▸ **RECORDED INFORMATION**:
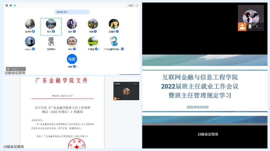 2022年5月25日,Ky官网在腾讯会议平台分年级组织班主任专题学习学校新修订的《班主任工作管理规定》,校本部各年级辅导员、班主任参加了本次学习会,会议分别由各年级级长冯晓骏老师、钟培权老师、陈兴老师主持。
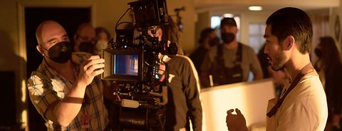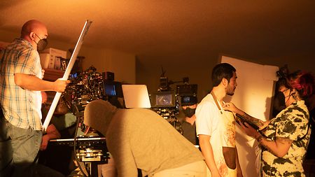 DP C. Kim Miles setting up an interior shot with the Mini LF
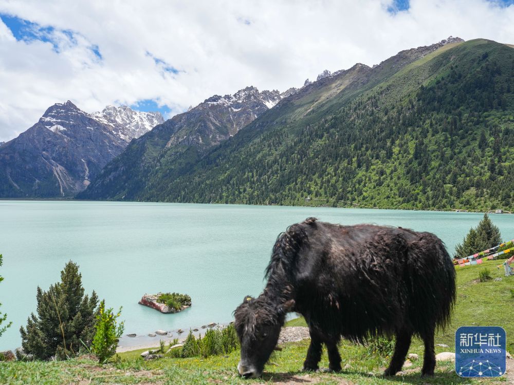 ↑这是6月21日拍摄的玉龙拉措风光。新华社记者 王曦 摄
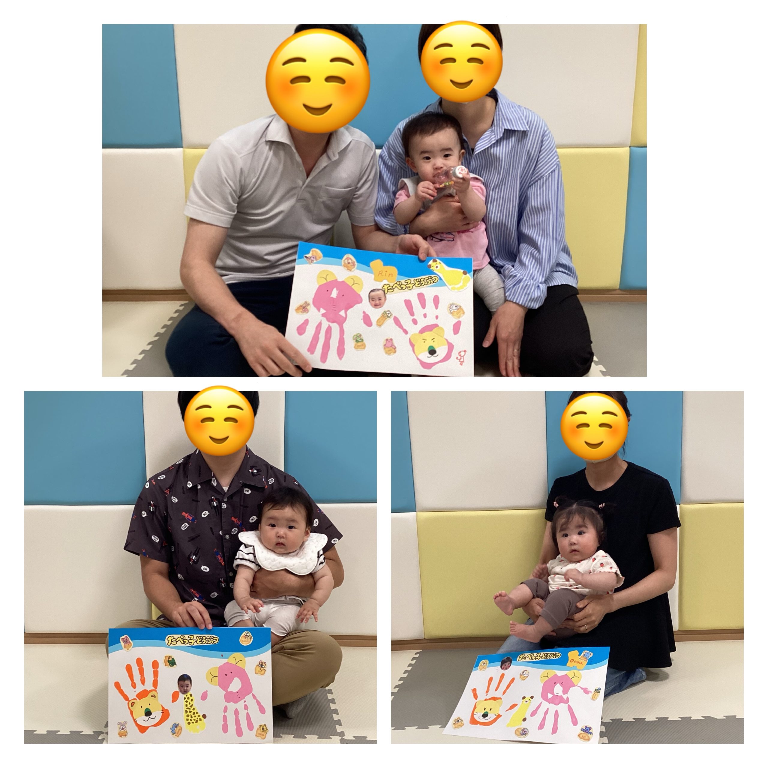 保護者の方の手型と子どもの顔を合わせて素敵な作品ができました♡

▸ **TASK PROMPT**:
The response has to be an exact copy of all the data, pictures excluded.

▸ **FINAL ANSWER**:
 2022年5月25日,Ky官网在腾讯会议平台分年级组织班主任专题学习学校新修订的《班主任工作管理规定》,校本部各年级辅导员、班主任参加了本次学习会,会议分别由各年级级长冯晓骏老师、钟培权老师、陈兴老师主持。
 DP C. Kim Miles setting up an interior shot with the Mini LF
 ↑这是6月21日拍摄的玉龙拉措风光。新华社记者 王曦 摄
 保護者の方の手型と子どもの顔を合わせて素敵な作品ができました♡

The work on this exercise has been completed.